Douglas Huynh, JD, Director, Congressional Affairs, APhA
I like to tell people that being a lobbyist is a learned trait. There is no formal education that prepares you for this. There are no webinars you can attend or classes you can take. Lobbying, at its core, is about the ability to communicate and read people. At the forefront of this is filtering through the fluff to get to the substance. Ask any lobbyist, and they can probably tell you that they can tell how a meeting will go within the first 2 minutes of the conversation. Sometimes folks on the Hill tell you things they think you want to hear, so it’s my job as a lobbyist to determine what is fact and what is fiction.
I bring this up because over the first few months of this Congress, we had the prospect of reconciliation hanging over our heads. President Donald Trump’s One Big Beautiful Bill took center stage and left many congressional offices in a holding pattern as the primary focus was on passing the budget bill. It was often difficult to determine if a congressional office was sincere with its assertion that it could not review new health care policy because they were held back by reconciliation. Alternatively, it was often difficult to determine if a congressional office was sincere when they would advise us that there was an opportunity to include new health care policy in the package.
As a refresher, reconciliation is a legislative process used to enact major tax and spending legislation, which requires only a simple majority vote to pass. With that said, conceptually speaking, reconciliation should only address spending and revenue. However, that certainly doesn’t prevent language from getting in there that might not seem to fit that mold. This reality is both good and bad. It’s bad in the sense that having language incorporated into reconciliation might prove difficult because of the stringent budget rules. However, it can be good in that collaborators might be able to incorporate language into a vehicle that would not otherwise be utilized.
In this instance, we found an opportunity to include the Ensuring Community Access to Pharmacists Services (ECAPS) Act into the reconciliation package. Often we talk about needing a “legislative vehicle” for the advancement of a piece of legislation, and reconciliation is a classic example of a vehicle that would have perfectly fit this mold. ECAPS, as you know, would provide for Part B Medicare reimbursement of certain pharmacist services evolving around some upper respiratory illnesses. While ECAPS had already been introduced in the House, the reality is that the legislation would not move without the help of a larger vehicle.
Based on conversations we held with congressional committee leaders, we aligned everything up to have ECAPS as part of the One Big Beautiful Bill, even securing a Congressional Budget Office score. If included, ECAPS would likely have become law, paving the way for pharmacists across the country to finally be recognized as Medicare Part B providers.

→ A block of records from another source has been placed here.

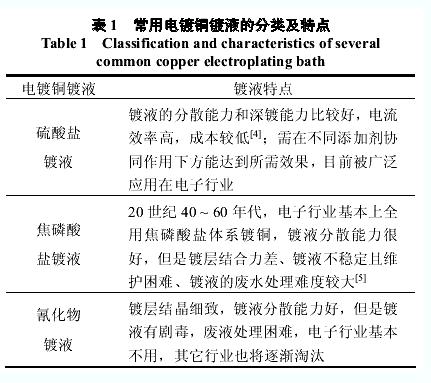 常用電鍍銅鍍液的分類及特點列于表 1。
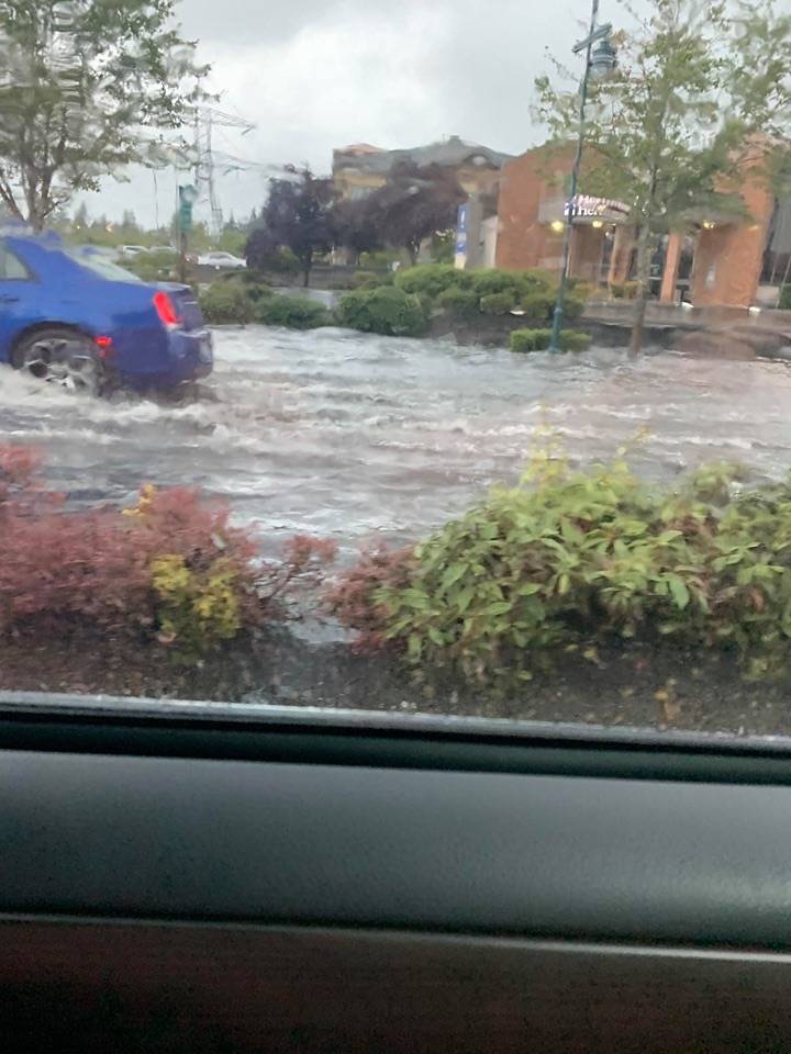 Martin posted a photo of the flooding in Celebration Plaza to a Federal Way community Facebook page, which shows wave-like rapids in a parking lot.
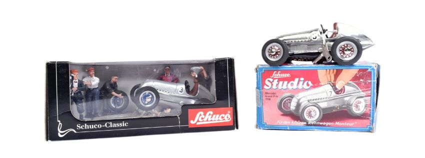 Schuco - x2 Schuco made tinplate clockwork models comprising; 1050 Mercedes Grand Prix 1936 (with key) and a Schuco Classic set No. 01070 racing car studio diorama with x5 mechanic figures. Housed within original boxes.
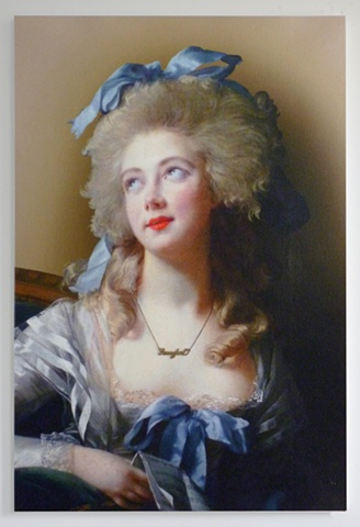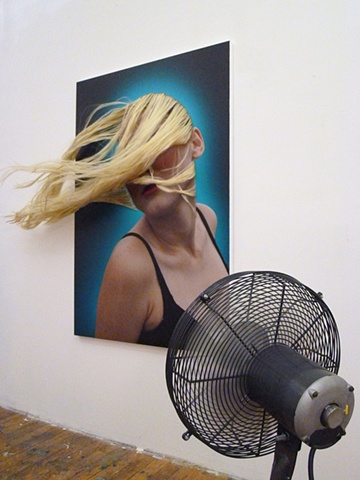 APS: There is a woman on the canvas. A fan is blowing the real human hair sewn through the canvas into her face, thereby hiding her visage. The perception of this symbol of beauty and desire is modified, blurred.
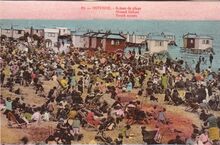 Bijgekleurde kaart. - De Zeedijk en de grote hotels ten westen van het Kursaal, met rechts het Koninklijk Chalet. Vooraan, strandrecreatie op het Groot Strand.

On July 4, the president signed into law the reconciliation package, which included a permanent extension of the tax rates Trump originally signed into law in 2017, increased the child tax credit, and raised the state and local tax deductions. What it didn’t include was ECAPS. Why? It essentially came down to math. And politics. Congress was handcuffed by the president’s insistence that the reconciliation bill be very narrowly focused and exclude any health care provisions, ECAPS being one. The other issue was, of course, cost. At the end of the day, neither chamber had enough political clout to push for many health care provisions that were already part of the conversation in prior drafts, especially if it did not include any offsets. As we’ve said before, sometimes politics gets in the way of policy. And, in the case of reconciliation and ECAPS, it brought this notion clearly to life.